Personalmente creo que las montañas cerca del mar son el mejor lugar. ¿Por qué?

·         En la montaña es más fácil esconderse de zombis, extraterrestres, agentes del Gobierno, ejércitos invasores y virus que se propaguen en las zonas más pobladas.
·         Además, a poco que busquemos encontraremos zonas aterrazadas donde cultivar algo y algún riachuelo del que podamos obtener agua.
·         Agua, eso es muy importante, por eso las montañas deberían estar cerca del mar, son los lugares donde más llueve, algo necesario para rellenar aljibes, alimentar ríos o regar nuestros cultivos.
·         En la montaña, también puedes diversificar tu dieta siendo recolector y cazador, mejor que en llanuras áridas, pobladas o sin lugar donde refugiarse.
·         Como dije en el primer punto, en las montañas es más fácil esconderse, pero también es más sencillo protegerse en cuevas y bosques frente a fenómenos cataclísmicos o geológicos, además de estar alejados de tsunamis (por si acaso súbete a más de 700 m de altura) y de meteoritos según la ladera de la montaña que te pille.

Pero OJO, buscad montañas viejas que estén alejadas de zonas activas sísmicamente, así también os protegéis del riesgo geológico. En España, si el Fin del Mundo viene desde el centro de la Tierra, alejaos especialmente del sur y sureste (desde Granada al sur de Alicante), del Pirineo de Girona, el de Huesca, y en mucha menor medida, del macizo galaico.

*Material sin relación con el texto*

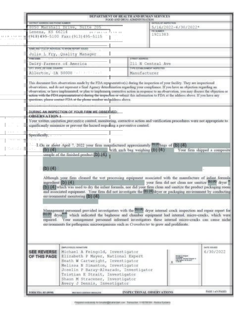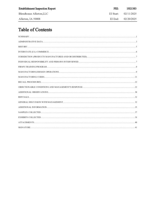 Inspection Report 2024 (483 not issued and Exhibits not provided) – “There were numerous complaints regarding product quality and some specifically mentioning issues like spitting-up and diarrhea.” “Although I did not uncover any significant negative findings during the inspection, the next investigator may discover issues or conditions that were not addressed during this inspection.”
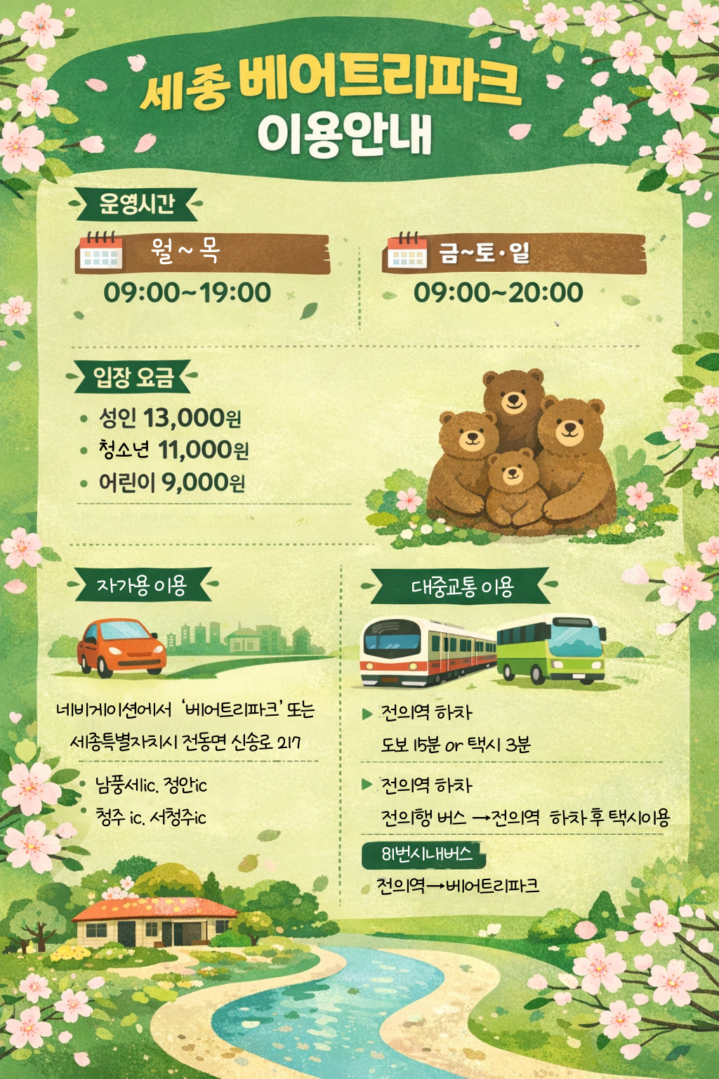 이번 봄에는 너무 붐비는 곳 대신, 세종에서 조금 더 여유로운 하루를 보내고 싶을 때 베어트리파크를 떠올려보셔도 좋겠습니다.

Y una vez que nos hemos instalado en nuestra cueva o casa en las montañas, ¿qué? Pues si no habéis aprendido a cazar, a sembrar, a diferenciar las bayas y setas comestibles, a reparar un motor eléctrico,… poco tiempo os queda, creo que no llegamos.

Tampoco estaría de más, en previsión de pulsos electromagnéticos (de origen solar o alienígena) tener una buena jaula de Faraday en la que meter pequeños electrodomésticos que funcionen con pilas o baterías. Y si tenéis más sitio, pues incluso un generador eléctrico diésel, cable, cargadores y regletas, además del alternador de vuestro coche (si éste no tiene electrónica, es decir, ha de tener más de 20 años, además diésel).

Además, habría que saber defenderse de posibles incursiones (zombis, extraterrestres, bandidos, organizaciones totalitarias,…). Por partes:
De los zombis y otros asaltantes de este planeta
Recomiendo la lectura de Zombi: Guía de supervivencia de Max Brooks, del que ya hemos comentado un libro suyo más arriba. Asalta un museo militar o una carnicería y hazte con machetes, espadas, hachas,… Sin duda enfrentarse cuerpo a cuerpo contra tu atacante requiere más fuerza, habilidad, determinación y sangre fría que hacerlo con un arma de fuego, pero es más silencioso (y recuerdo que hay que pasar desapercibido). Una opción intermedia es un arco o una ballesta, pero asegúrate de tener flechas suficientes, igual que con las armas de fuego (deberás aprovisionarte de munición).
De extraterrestres
Lo mejor es que no te vean, y punto. Porque si hay alguien ahí fuera y han sido capaces de llegar aquí y encontrarte, seguro que serán mucho más avanzados, listos y hábiles que tú. Quizá podrías llegar a herir a alguno o pegarle cualquier cosa estornudándole a la cara (o lo que tenga) pero de poco serviría. Se plantea una difícil elección: resistir y morir de pie (o escondido) o vivir servilmente de rodillas (si es que lo permiten).
Pero vamos, que toda esta película que nos estamos montando, sabemos que no sucederá, al menos el 21 de diciembre de 2012. Ahí tenemos a Marty McFly para demostrarlo.